* _What is needed_
Copy the listing below exactly. Pictures stay out of it.

* _Information supplied_
=-=-=
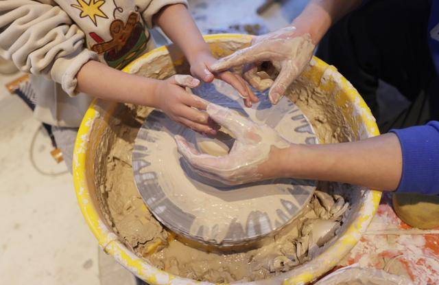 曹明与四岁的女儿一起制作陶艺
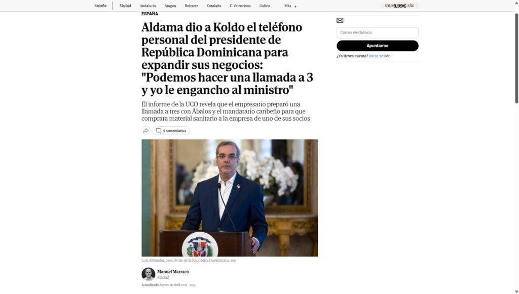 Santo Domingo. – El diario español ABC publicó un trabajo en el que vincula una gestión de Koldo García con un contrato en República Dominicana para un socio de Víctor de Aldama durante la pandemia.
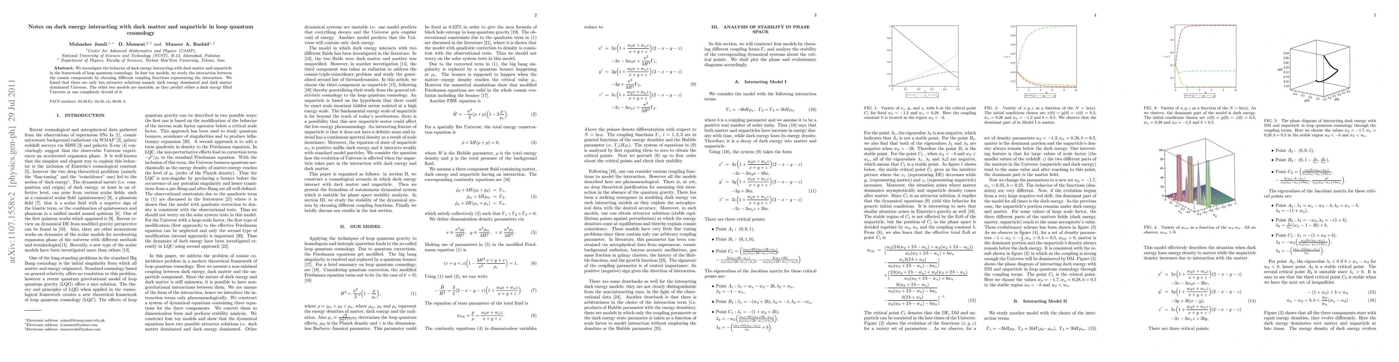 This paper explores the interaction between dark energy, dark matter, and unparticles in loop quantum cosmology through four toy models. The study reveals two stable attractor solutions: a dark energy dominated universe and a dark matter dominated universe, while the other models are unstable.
=-=-=
* _Task solution_
 曹明与四岁的女儿一起制作陶艺
 Santo Domingo. – El diario español ABC publicó un trabajo en el que vincula una gestión de Koldo García con un contrato en República Dominicana para un socio de Víctor de Aldama durante la pandemia.
 This paper explores the interaction between dark energy, dark matter, and unparticles in loop quantum cosmology through four toy models. The study reveals two stable attractor solutions: a dark energy dominated universe and a dark matter dominated universe, while the other models are unstable.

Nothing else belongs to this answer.